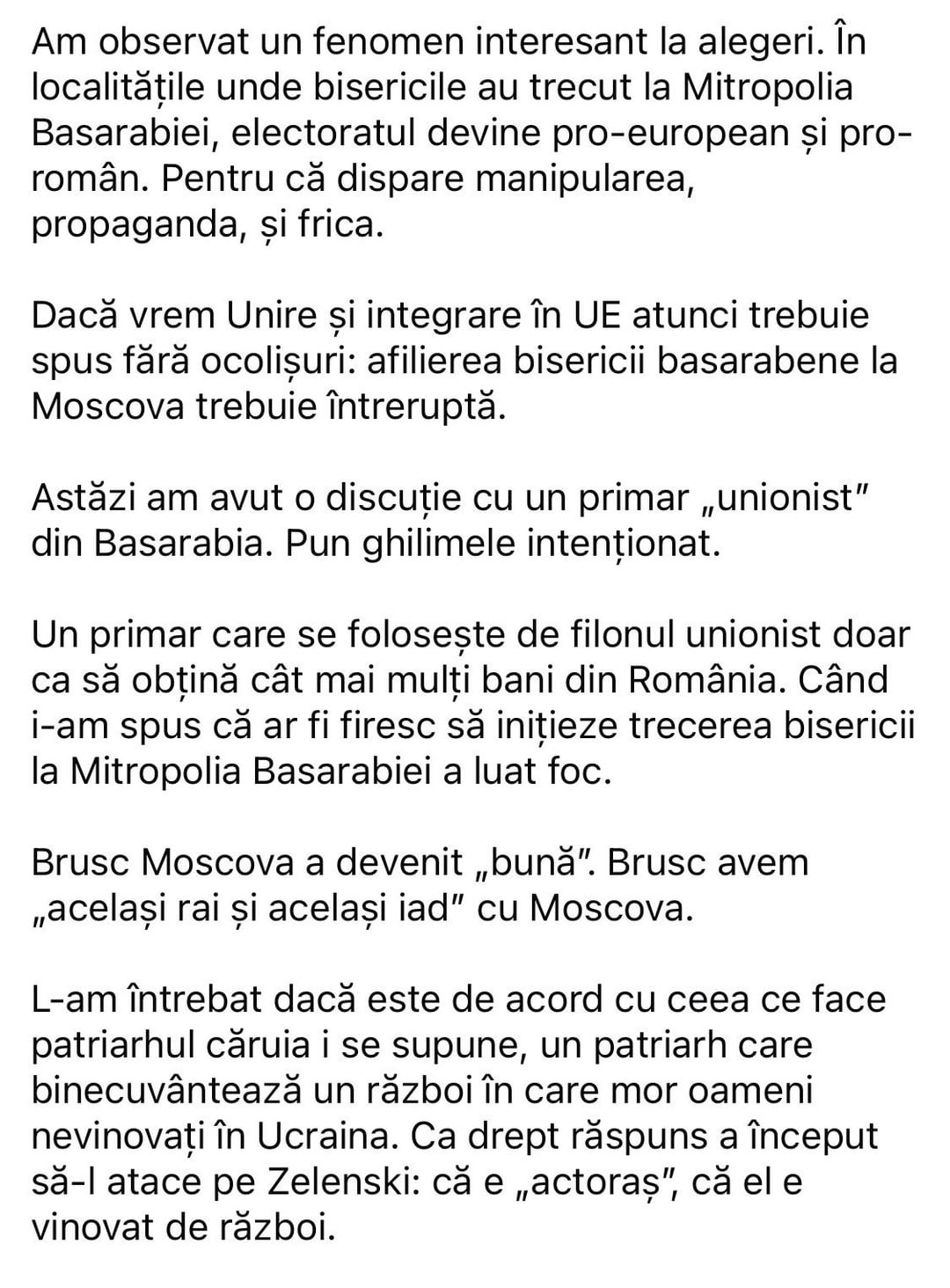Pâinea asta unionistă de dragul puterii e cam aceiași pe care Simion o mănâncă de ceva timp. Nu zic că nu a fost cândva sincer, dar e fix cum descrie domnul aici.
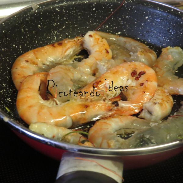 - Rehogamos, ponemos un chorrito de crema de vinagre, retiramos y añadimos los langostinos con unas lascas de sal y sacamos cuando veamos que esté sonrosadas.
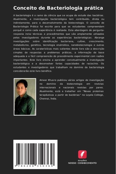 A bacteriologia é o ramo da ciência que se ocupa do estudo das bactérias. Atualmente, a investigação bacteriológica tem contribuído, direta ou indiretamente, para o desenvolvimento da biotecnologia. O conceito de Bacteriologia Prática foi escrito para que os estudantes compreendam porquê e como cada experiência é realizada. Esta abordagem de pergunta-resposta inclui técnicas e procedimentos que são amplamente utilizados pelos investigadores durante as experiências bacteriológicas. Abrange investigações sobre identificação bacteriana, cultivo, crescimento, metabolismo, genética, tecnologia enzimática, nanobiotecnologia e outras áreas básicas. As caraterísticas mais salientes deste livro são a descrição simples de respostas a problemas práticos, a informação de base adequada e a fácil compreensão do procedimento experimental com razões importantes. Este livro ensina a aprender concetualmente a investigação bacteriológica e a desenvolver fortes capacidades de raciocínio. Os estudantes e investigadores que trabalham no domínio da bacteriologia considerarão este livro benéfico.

####################

▶ [WHAT YOU SHOULD DO]
Retype each line of the listing above word for word. Exclude the pictures.

▶ [REPLY]
Pâinea asta unionistă de dragul puterii e cam aceiași pe care Simion o mănâncă de ceva timp. Nu zic că nu a fost cândva sincer, dar e fix cum descrie domnul aici.
 - Rehogamos, ponemos un chorrito de crema de vinagre, retiramos y añadimos los langostinos con unas lascas de sal y sacamos cuando veamos que esté sonrosadas.
 A bacteriologia é o ramo da ciência que se ocupa do estudo das bactérias. Atualmente, a investigação bacteriológica tem contribuído, direta ou indiretamente, para o desenvolvimento da biotecnologia. O conceito de Bacteriologia Prática foi escrito para que os estudantes compreendam porquê e como cada experiência é realizada. Esta abordagem de pergunta-resposta inclui técnicas e procedimentos que são amplamente utilizados pelos investigadores durante as experiências bacteriológicas. Abrange investigações sobre identificação bacteriana, cultivo, crescimento, metabolismo, genética, tecnologia enzimática, nanobiotecnologia e outras áreas básicas. As caraterísticas mais salientes deste livro são a descrição simples de respostas a problemas práticos, a informação de base adequada e a fácil compreensão do procedimento experimental com razões importantes. Este livro ensina a aprender concetualmente a investigação bacteriológica e a desenvolver fortes capacidades de raciocínio. Os estudantes e investigadores que trabalham no domínio da bacteriologia considerarão este livro benéfico.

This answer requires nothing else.